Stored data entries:
BEGIN

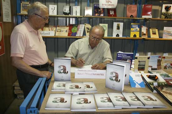 En el cuarto día de celebración de la ‘Feria del Libro de Puertollano (FELIP’14)’, Isaac Pérez Infantes, de Almodóvar del Campo y autor del libro editado por Ediciones C&G, ‘Del Valle de Alcudia al Campo de Calatrava. Recuperación del patrimonio oral’, y Andrés Mejía Godeo, de Puertollano, autor de los libros editados por la misma editorial, ‘La provincia de Ciudad Real en el Nuevo Mundo S. XVI-XVII’, ‘Revolución y Contrarrevolución. Calzada de Calatrava.1930-1950’ y el libro colectivo ‘Historia de Argamasilla de Calatrava II’, con el trabajo ‘Argamasilla de Calatrava en el nuevo mundo. Ss XVI-XVII’, estuvieron en la caseta de ‘La Tienda de los Libros’, firmando ejempla-res de sus libros y compartiendo opiniones con sus lectores. Ambos autores coincidieron en calificar “como un importante evento cultu-ral” la celebración de la feria del libro.
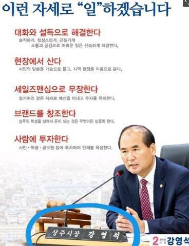 조작 합성으로 문제가 된 강후보의 공보물(사진 참언론 상주뉴스)
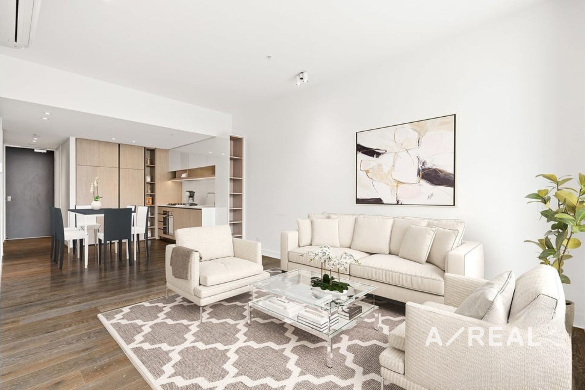 This apartment featuring the wide-plank flooring open kitchen, dining and living room with split system air-conditioning and neutral colour tones. Floor-to-ceiling cabinets, stainless steel appliances and plenty of bench space provided a functional kitchen which delivers inspiring lifestyle.
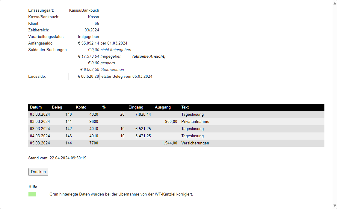 nicht freigegeben: dies ist der Saldo der Buchungen, die vom Klienten noch nicht freigegeben wurden
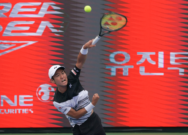 [서울=뉴시스] 조수정 기자 = 요시히토 니시오카가 1일 서울 송파구 올림픽공원 테니스코트에서 열린 ATP 250 유진투자증권 코리아오픈 테니스대회 단식 준결승전 알렉산더 코바세빅과 경기하고 있다. 결과는 세트스코어 2-1로 니시오카 결승 진출. (사진=유진투자증권 코리아오픈 대회 조직위원회 제공) 2022.10.01. [email protected] *재판매 및 DB 금지
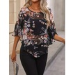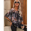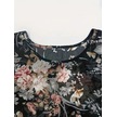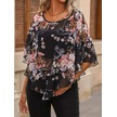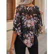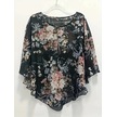 Modasize Kadın Kısa Kollu Yuvarlak Yaka Çiçek Baskılı Asimetrik Kesim Şifon Bluz Siyah
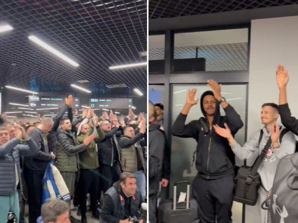 Pogledajte i snimke sa aerodroma koje je objavio Partizan na svom Tviter profilu, a na kojima se vidi da su u igrači crno-belih imali širok osmeh na licu kada se začula pesma njihovih miljenika, dok se još glasnija očekuje u utorak kada će ugostiti Real Madrid u Areni, s tim da je Malkolm Dilejni izrazio brigu da veruje da će "kraljevski klub" sve učiniti da se utakmica igra iza zatvorenih vrata.
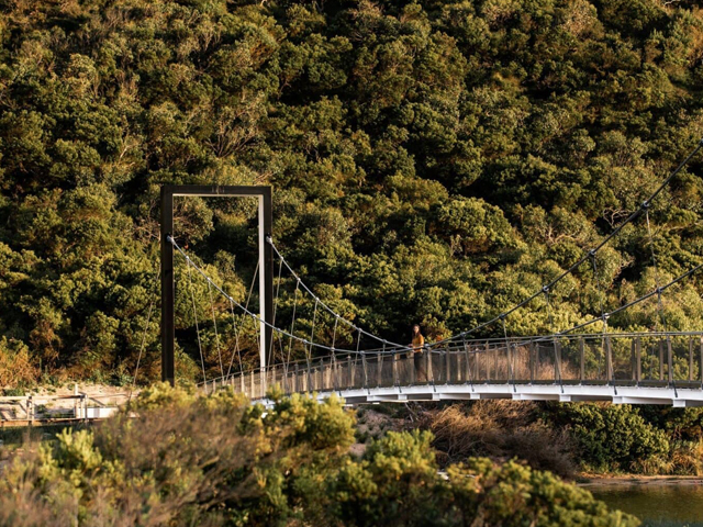 The first of the three projects in Stage 1 of the Shipwreck Coast Masterplan, the Port Campbell Creek Suspension Bridge connects Port Campbell to the national park. The bridge spans 60-metres across Campbells Creek, providing year-round access between Port Campbell and the coastal discovery walk in the Port Campbell National Park. The bridge design and materials were chosen in harmony with the surrounding landscape and the historical swing bridge that once stood in its place.
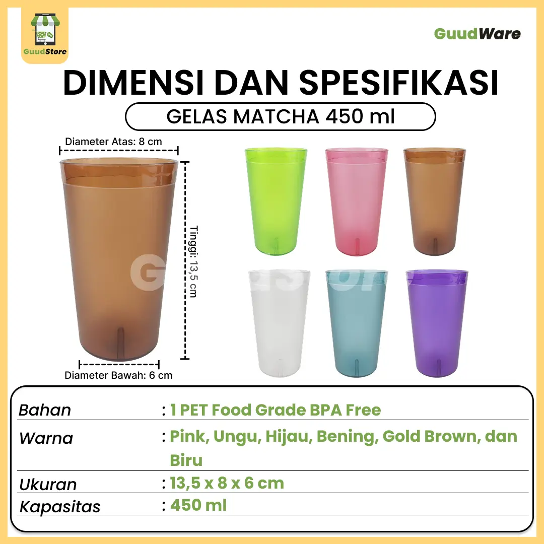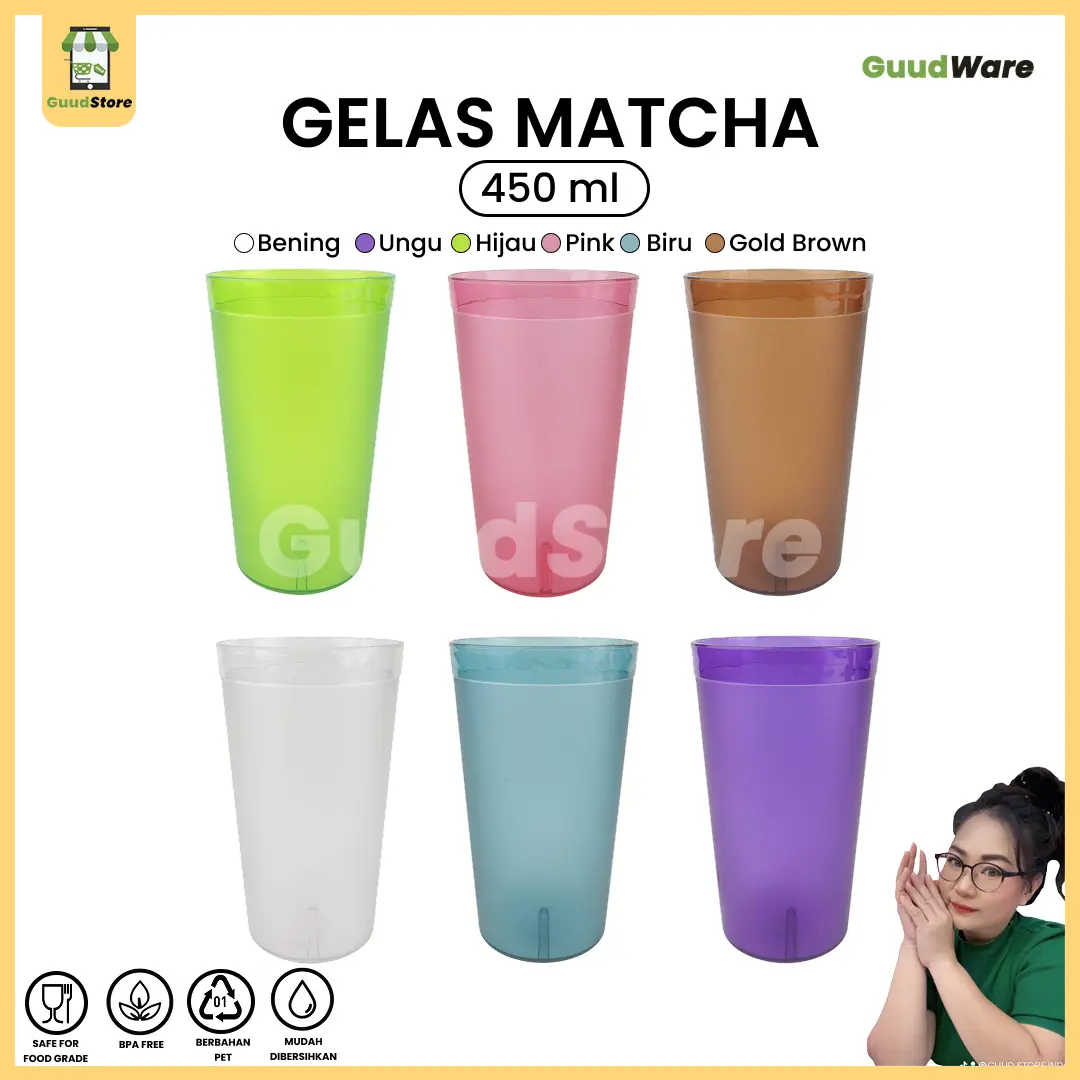 Gelas Matcha 450 ml Anti Pecah Food Grade BPA Free untuk Kebutuhan Rumah Tangga

END

#### Exercise details
When you reach the line containing "This apartment featuring" in the records above, write out that line and every line after it through the end, exactly, but omit the pictures.

#### Completed task
 This apartment featuring the wide-plank flooring open kitchen, dining and living room with split system air-conditioning and neutral colour tones. Floor-to-ceiling cabinets, stainless steel appliances and plenty of bench space provided a functional kitchen which delivers inspiring lifestyle.
 nicht freigegeben: dies ist der Saldo der Buchungen, die vom Klienten noch nicht freigegeben wurden
 [서울=뉴시스] 조수정 기자 = 요시히토 니시오카가 1일 서울 송파구 올림픽공원 테니스코트에서 열린 ATP 250 유진투자증권 코리아오픈 테니스대회 단식 준결승전 알렉산더 코바세빅과 경기하고 있다. 결과는 세트스코어 2-1로 니시오카 결승 진출. (사진=유진투자증권 코리아오픈 대회 조직위원회 제공) 2022.10.01. [email protected] *재판매 및 DB 금지
 Modasize Kadın Kısa Kollu Yuvarlak Yaka Çiçek Baskılı Asimetrik Kesim Şifon Bluz Siyah
 Pogledajte i snimke sa aerodroma koje je objavio Partizan na svom Tviter profilu, a na kojima se vidi da su u igrači crno-belih imali širok osmeh na licu kada se začula pesma njihovih miljenika, dok se još glasnija očekuje u utorak kada će ugostiti Real Madrid u Areni, s tim da je Malkolm Dilejni izrazio brigu da veruje da će "kraljevski klub" sve učiniti da se utakmica igra iza zatvorenih vrata.
 The first of the three projects in Stage 1 of the Shipwreck Coast Masterplan, the Port Campbell Creek Suspension Bridge connects Port Campbell to the national park. The bridge spans 60-metres across Campbells Creek, providing year-round access between Port Campbell and the coastal discovery walk in the Port Campbell National Park. The bridge design and materials were chosen in harmony with the surrounding landscape and the historical swing bridge that once stood in its place.
 Gelas Matcha 450 ml Anti Pecah Food Grade BPA Free untuk Kebutuhan Rumah Tangga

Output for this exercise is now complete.